Tuesday, December 04, 2007

The N.I.E. Mystery-Riddle-Enigma

Yesterday's news about Iran's nuclear weapons or, more accurately, lack thereof is an event that recalls Winston Churchill's description of the Soviet Union as a mystery wrapped in a riddle inside an enigma.

Even by Bush Administration standards of incompetence, illogic and intrigue, there is no sane explanation for the President's continuing public insistence that Iran come clean about weapons that his National Security Adviser now admits Bush has known for "months" do not exist.

Unless...

Going back to the 2003 Cheney gang massaging of intelligence about Iraq's WMDs that prompted Colin Powell to mislead the UN, the questions arise (1) Is Stephen Hadley trying to hide the fact that Bush was being similarly duped or (2) Did the desire for another invasion lead Bush and Cheney once again to hide evidence that would destroy the rationale for doing it until the intelligence agencies themselves finally rebelled against doing another George Tenet?

There are other, less likely possibilities. Did Congressional overseers threaten to blow the whistle (they deny it)? Did somebody finally wise up to the fact that the murky exile-terrorist group, Mujahedeen-e-Khalq or MEK, credited with "helping expose Iran’s secret nuclear program,” has been no more reliable than Ahmed Chalabi's grifters were in Iraq?

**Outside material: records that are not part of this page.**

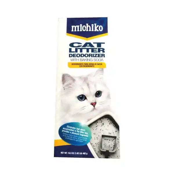 ¡Adiós Malos Olores! Potente Desodorante para la caja de arena de gatos, formulado con Bicarbonato. Elimina los olores acumulados y deja una fragancia agradable. Peso Neto: 462 g (16.3 oz).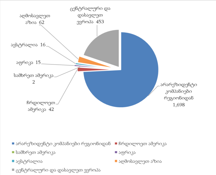 არარეზიდენტი მიმწოდებლების განაწილება რეგიონების მიხედვით შემდეგია: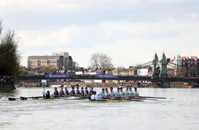 Godišnja trka osmeraca Oksforda i Kembridža, 163. po redu, održana je u popodnevnim časovima na stazi dugoj 6,8 kilometara. Prvi put trka je održana 1829. godine, a od 1856. godine održava se svake godine, izuzev za vreme Prvog i Drugog svetskog rata. Veslači Kembridža su do sada ostvarili 82 pobede, a njihovi protivnici iz Oksforda 79, dok je jedna trka završena nerešeno.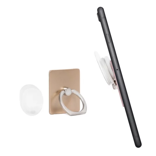 Praktischer Smartphone- und Tablet-Ring aus Metall und Kunststoff, zum sicheren Tragen am Finger oder zum Aufstellen auf dem Tisch - der Ring ist 360°Grad drehbar und lässt sich rückstandslos entfernen, Mindestmenge 200 Stück, ab 1500 Stück Pantone-Einfärbung möglich (Preise auf Anfrage)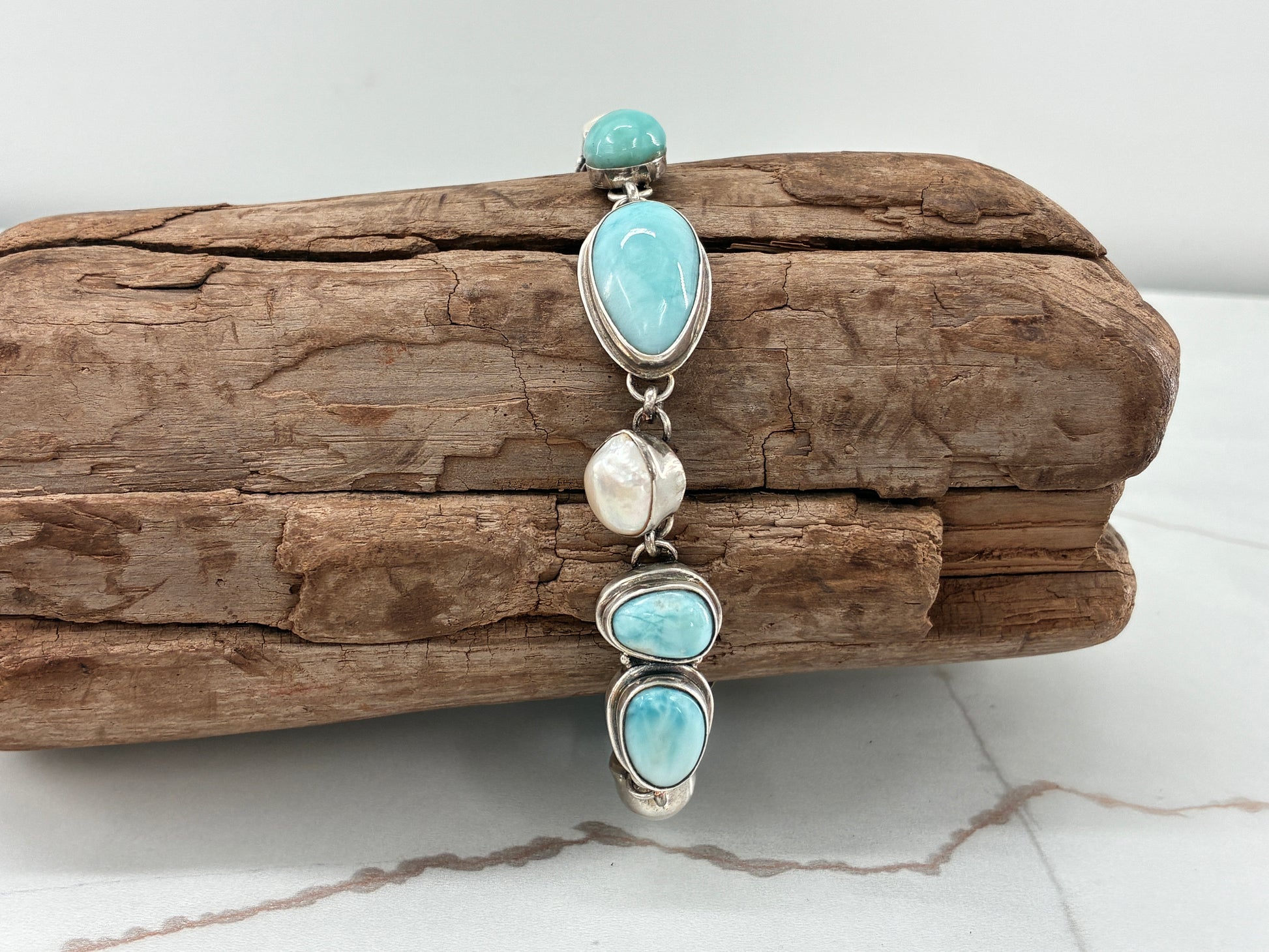 This Larimar and Pearl Impossible Bracelet is made possible by bringing together broken and widowed earrings that were otherwise meant for scrap. We thought the Larimar stones paired well with the Pearls, don't you?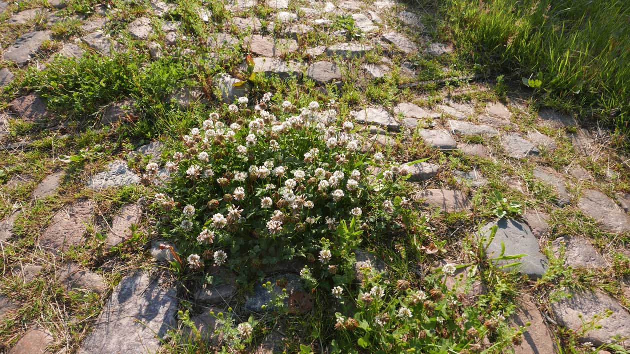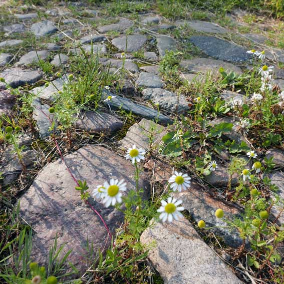 klein am Rand, darüber zu fahren, zwischen Rädern und Schritten, wenn wir da gehen und doch sind sie da.

As conservatives scramble to explain that Iran stopped trying to produce nuclear weapons in 2003 because they were terrified by our invasion of Iraq (the most Hail Mary of passes in a gone game), the maddening opaqueness of what happened this week to derail Bush's milk run to World War III remains a 21st century mystery wrapped in a riddle inside an enigma.

Fourteen months from now, maybe we can give up playing these heart-stopping Neo-Con games and start living again in a sane world.